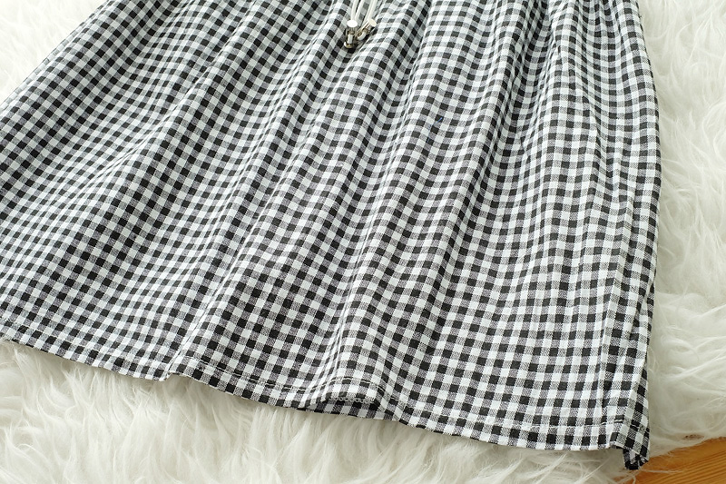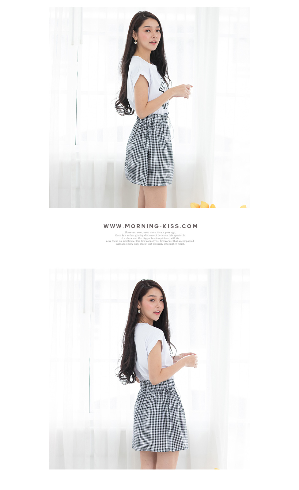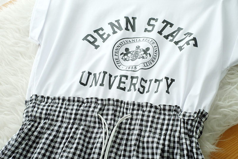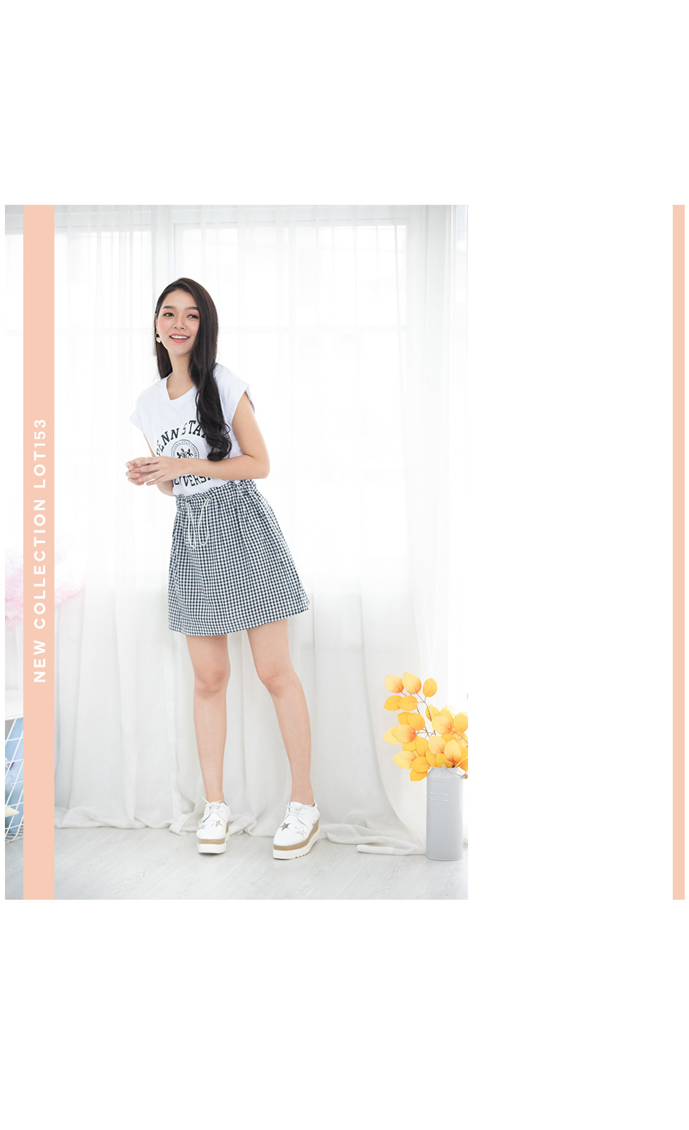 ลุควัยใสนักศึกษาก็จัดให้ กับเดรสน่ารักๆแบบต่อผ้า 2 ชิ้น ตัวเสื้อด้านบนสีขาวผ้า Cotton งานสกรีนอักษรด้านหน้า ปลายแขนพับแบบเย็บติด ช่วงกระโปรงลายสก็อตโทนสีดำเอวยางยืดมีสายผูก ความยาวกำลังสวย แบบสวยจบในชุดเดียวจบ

--

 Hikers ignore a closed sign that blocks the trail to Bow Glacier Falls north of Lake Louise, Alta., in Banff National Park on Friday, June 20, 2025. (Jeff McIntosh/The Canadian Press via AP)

* * *

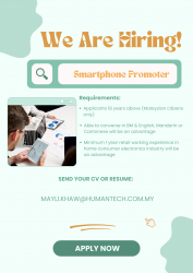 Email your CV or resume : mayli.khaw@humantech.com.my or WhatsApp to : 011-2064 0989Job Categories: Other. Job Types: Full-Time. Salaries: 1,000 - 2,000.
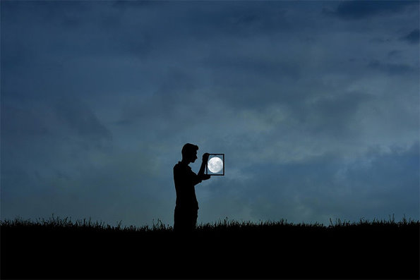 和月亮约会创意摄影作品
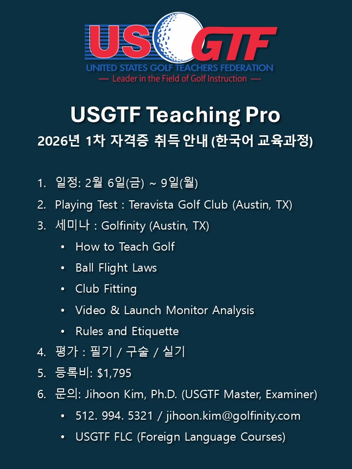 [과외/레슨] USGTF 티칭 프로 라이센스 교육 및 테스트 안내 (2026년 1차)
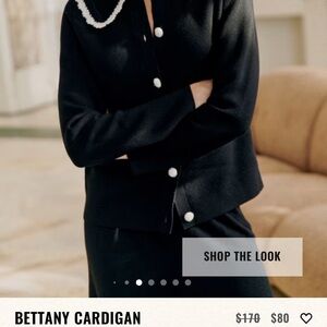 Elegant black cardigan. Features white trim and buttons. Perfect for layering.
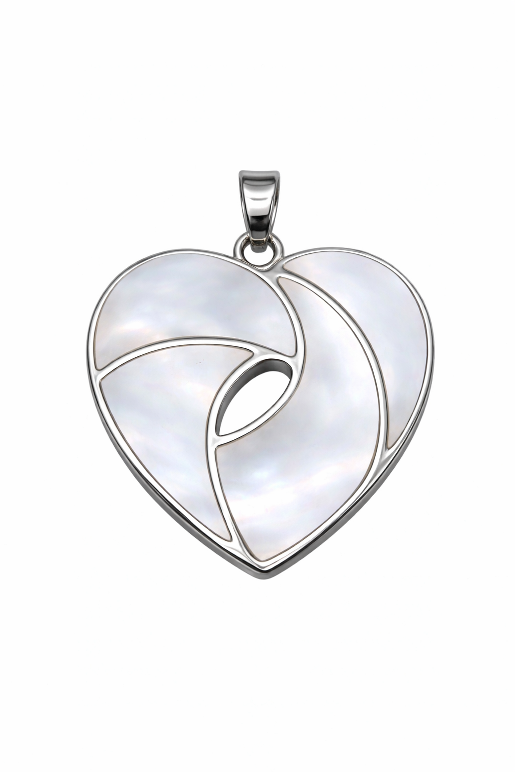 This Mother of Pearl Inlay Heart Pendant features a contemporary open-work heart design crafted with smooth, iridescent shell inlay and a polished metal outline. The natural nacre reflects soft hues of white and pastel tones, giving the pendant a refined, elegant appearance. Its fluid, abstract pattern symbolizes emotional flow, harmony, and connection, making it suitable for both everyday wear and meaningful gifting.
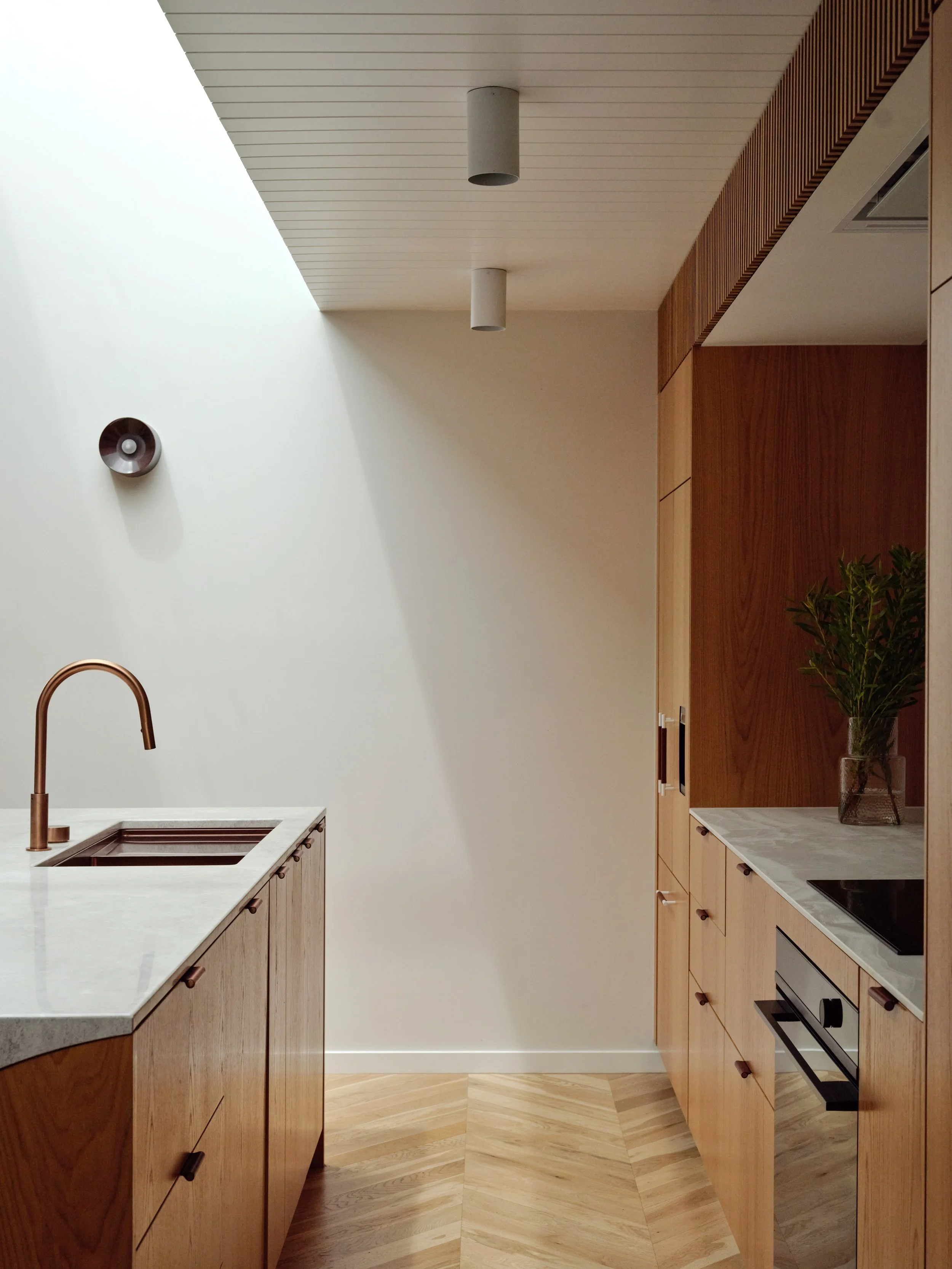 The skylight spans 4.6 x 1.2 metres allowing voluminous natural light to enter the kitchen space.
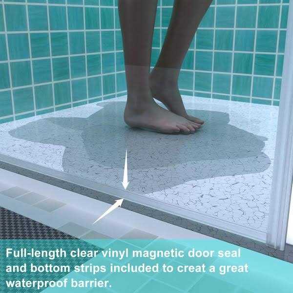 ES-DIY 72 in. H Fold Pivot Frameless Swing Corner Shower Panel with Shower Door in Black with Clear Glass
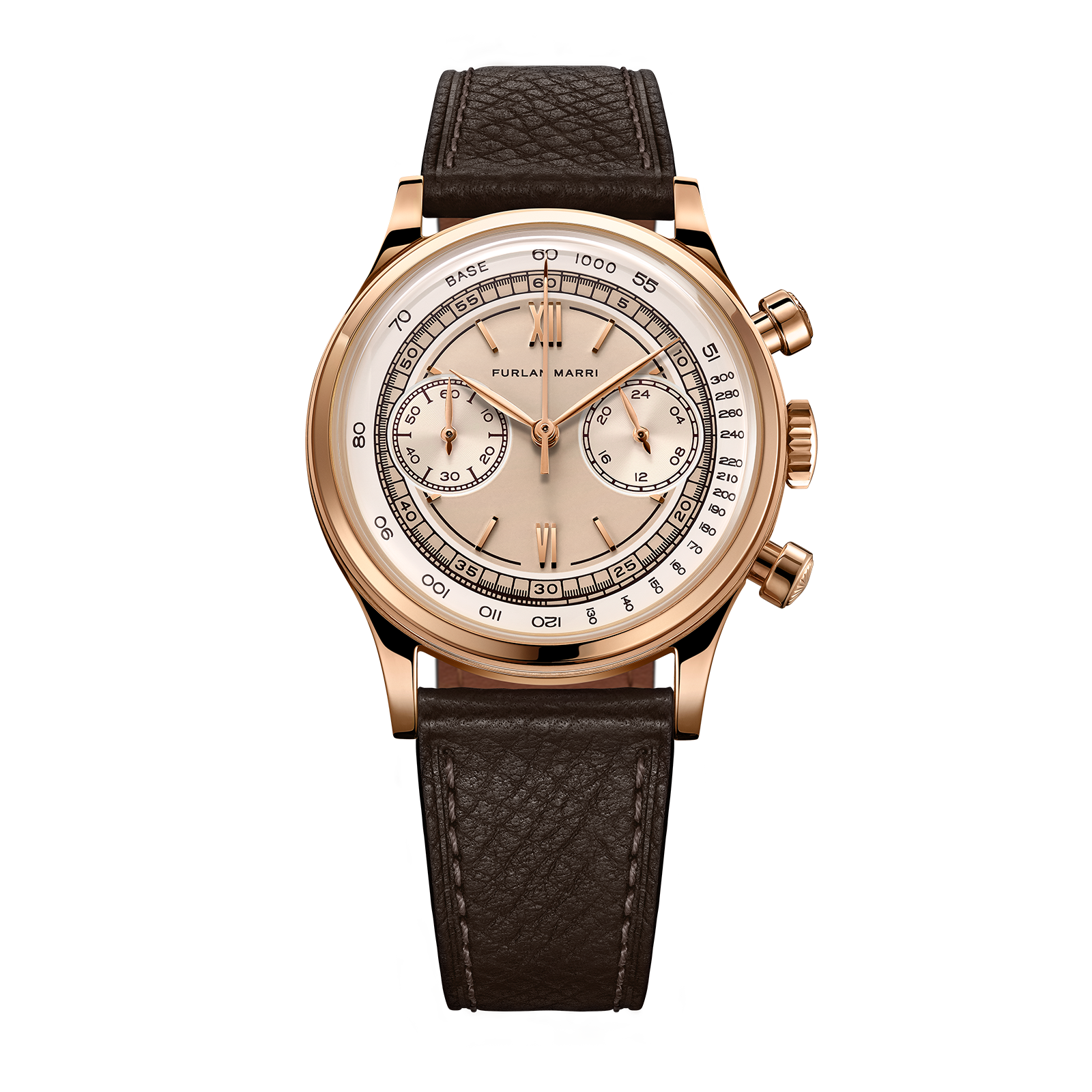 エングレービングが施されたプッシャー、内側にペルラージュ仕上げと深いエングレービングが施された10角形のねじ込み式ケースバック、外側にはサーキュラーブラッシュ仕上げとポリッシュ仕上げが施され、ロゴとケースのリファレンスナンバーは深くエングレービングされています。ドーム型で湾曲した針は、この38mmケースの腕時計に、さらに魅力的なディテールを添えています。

▸ Task goal: Give again the stretch of the entries above that begins at the line with "[과외/레슨] USGTF 티칭" and ends at the line with "ES-DIY 72 in.", word for word, with no pictures.

▸ Answer space:
 [과외/레슨] USGTF 티칭 프로 라이센스 교육 및 테스트 안내 (2026년 1차)
 Elegant black cardigan. Features white trim and buttons. Perfect for layering.
 This Mother of Pearl Inlay Heart Pendant features a contemporary open-work heart design crafted with smooth, iridescent shell inlay and a polished metal outline. The natural nacre reflects soft hues of white and pastel tones, giving the pendant a refined, elegant appearance. Its fluid, abstract pattern symbolizes emotional flow, harmony, and connection, making it suitable for both everyday wear and meaningful gifting.
 The skylight spans 4.6 x 1.2 metres allowing voluminous natural light to enter the kitchen space.
 ES-DIY 72 in. H Fold Pivot Frameless Swing Corner Shower Panel with Shower Door in Black with Clear Glass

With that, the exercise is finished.